But I can't understand why no one talks about how to secure the society.
This is a valid cross-cultural question, Tera, and deserves a decent answer. Let's hope that I can give one that somehow evades my own cultural biases.
The USA is a relatively young country, though by far not the youngest. As a culture ages, some of its formative pressures become lost to history. Only the more important factors remain part of the culture. This is just human nature. We remember what is important and we tend to forget what is not so important. I'm sure that older cultures do not always remember why they chose one direction over another in every part of their history. Here is a rhetorical question for you... when did your people stop carrying swords or big knives? Do you know when - and why?
For us, the initial colonists to the USA from Europe needed their guns to survive by hunting because hunter-gatherer societies need less infrastructure than agrarian societies. In the earliest days, we had little or no infrastructure. So guns (and axes) were necessary during our earliest days. The infrastructure for agrarian societies adds the requirement to be able to protect the farm from predators. It would only take a few wolves to decimate your sheep or cattle. It would only take a few bison or deer or wild hogs to decimate your corn crop. We don't even need to bring in protection from marauding native Americans. Even without the human predators, guns were still necessary. As communities grew to villages, towns, and eventually cities, many people still needed their guns because they were guards against marauders of all kinds, this time including humans.
However, as the colonies progressed, the USA came to a feeling of being oppressed, which led to the Revolutionary War. There, those who had guns became part of the militia. Anyone who had a gun and knew how to use it was forced to take sides. I make no claims of exclusivity, because I'm sure the colonists were not saints, but a number of British atrocities brought about by overzealous officers - or those trying to set an example - led to strong emotions among those citizen-soldiers. It is a dramatization and not to be considered widespread, but the behavior depicted for Colonel Tavington in the movie
The Patriot was not unknown.
Here is where the heritage became central to your question. After the war but before the U.S. Constitution was finalized, the colonies debated with much anger and much fervor. There was a vow that was the equivalent of "Never again will we be unarmed in the face of aggression." (Paraphrasing, you understand, 'cause I wasn't there.) In order to get some of the colonies to agree to join the nation, we had to draft the first ten amendments to the constitution, what we now call the "Bill of Rights." These amendments provided added rules and enumerated rights that eventually persuaded the stragglers to join the USA.
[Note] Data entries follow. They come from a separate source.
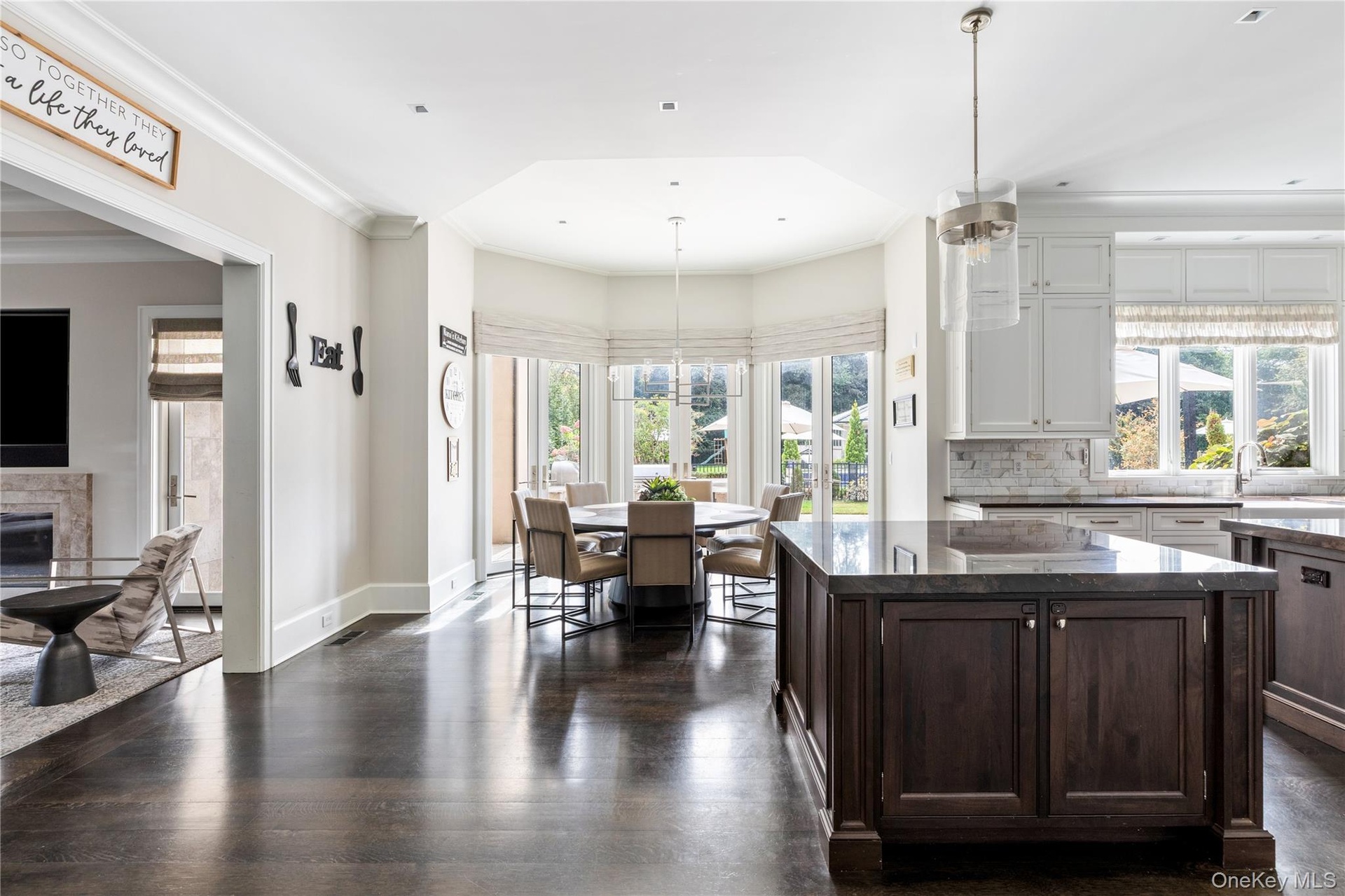 A striking stone and stucco facade with oversized black-trim windows sets a sophisticated tone upon arrival. Inside, a dramatic marble foyer with a sweeping spiral staircase unveils the heart of the home: a voluminous great room featuring soaring ceilings, a sleek gas fireplace, bespoke wet bar, and walls of glass that dissolve the boundary between indoors and out. Every inch of this residence speaks to thoughtful luxury. The chef’s kitchen is clad in two-toned cabinetry, boasts a suite of chef-grade stainless steel appliances and thick-cut stone countertops. The welcoming family room has a warm fireplace with a custom, stone mantel and beautiful natural wood built-ins. Entertain effortlessly in the formal dining room, designed to host 14+ guests, supported by a fully outfitted butler’s pantry.
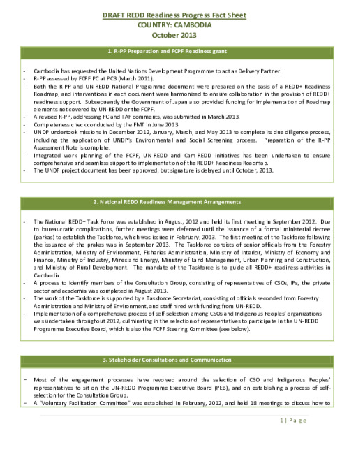 Home Document Library FCPF Readiness Progress Sheet - Cambodia FCPF Readiness Progress Sheet - Cambodia Fri, 07 Feb, 2014 Download the resource Format: application/pdf Size: (0.228 MB) download Filed under: Category Empty Related publications View all Foundation documents 23 May, 2025UN-REDD Programme Developer 23/05/2025 - Document Download English 21 May, 2025UN-REDD Programme Draft UN-REDD 2026-2030 Strategy Download English 21 May, 2025UN-REDD Programme Draft Monitoring and Evaluation Framework UN-REDD 2026-30 Download English
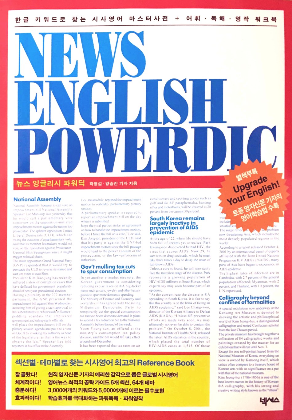 지난 2002년 일년간 곽영섭 선배와 같이 공동작업을 통해 기획하여 2003년 초에 출판된 시사영어참고서입니다. 출판사는 영어학습서 시장에서 두각을 나타내고 있는 “넥서스”이며 동시통역대학원 준비생, 재학생과 고급 시사영어를 익히려는 대학생, 직장인을 대상으로 만들었습니다.

And now, the point of historical perspective: That happened
less than 250 years ago. These events occured from 1776 to 1789, which means from 2020 is only 244 years back. That is not long enough for the stories to have faded from our culture. When I was in grade school, the USA had not yet celebrated its Bicentennial. We still heard stories about the rugged explorers, hunters, and trappers of our pioneering days. Our most recent states to join the union in the confines of the continental USA were New Mexico and Arizona in 1912, Oklahoma was 1907. Utah was 1896. When we talk of the "Wild West" we are talking about a time when current states were still territories with less law enforcement and military protection than we have now. Guns were still needed to tame those lands due to four-legged predators and two-legged varmints (who also carried guns). We are now talking about times within the familial memories of people who passed down stories from their living grandparents!
During all that time, the gun was the tool of taming a violent environment. Gun ownership in the USA has indeed diminished, but there are those who have that ancestral heritage that showed that the gun was the tool of personal protection. With us, that is still an echo reverberating through our families. Perhaps we are moving towards a time when guns will not be required. But thanks to my genealogy research, I can tell you of my great-great-grandparents who fought in the Civil War (on either side) and can tell you where some of my Confederate ancestors are buried in mass grave sites set aside for Civil War prisoners of war. The Confederacy lost that one - and probably
should have lost - but it reinforced the idea that we needed guns in case the current government became oppressive enough to cause a true revolt.
That was one of the tremendous fears of our Founding Fathers - that the government of the USA would become equally as tyrannical as the remote governance of King George III had been. I will leave it to you to consider whether the current situation in the USA is one where you could successfully persuade anyone that we need to turn in our guns and trust the government. Given that factor in our culture, do you think we would?
I don't know if you are familiar with the work of graphic novelist Alan Moore or the movie
V for Vendetta, but there is a significant line that has a lot of believers. "People should not fear their government; a government should fear its people." In the USA, we believe that our government derives its power from our continued permission as evidenced by our voting. We try to use the voting booth as a peaceful way to to assure that they remember that fact. You can use that general idea to see why Donald Trump got elected. With Hillary, a lot of us (including me) felt that she was "more of the same" and we had come to distrust that "sameness." The election of Donald Trump was essentially a "revolution in a ballot box."
Tera, I hope this helps you to understand better why we do at least some of what we do and why we remain adamant about having guns.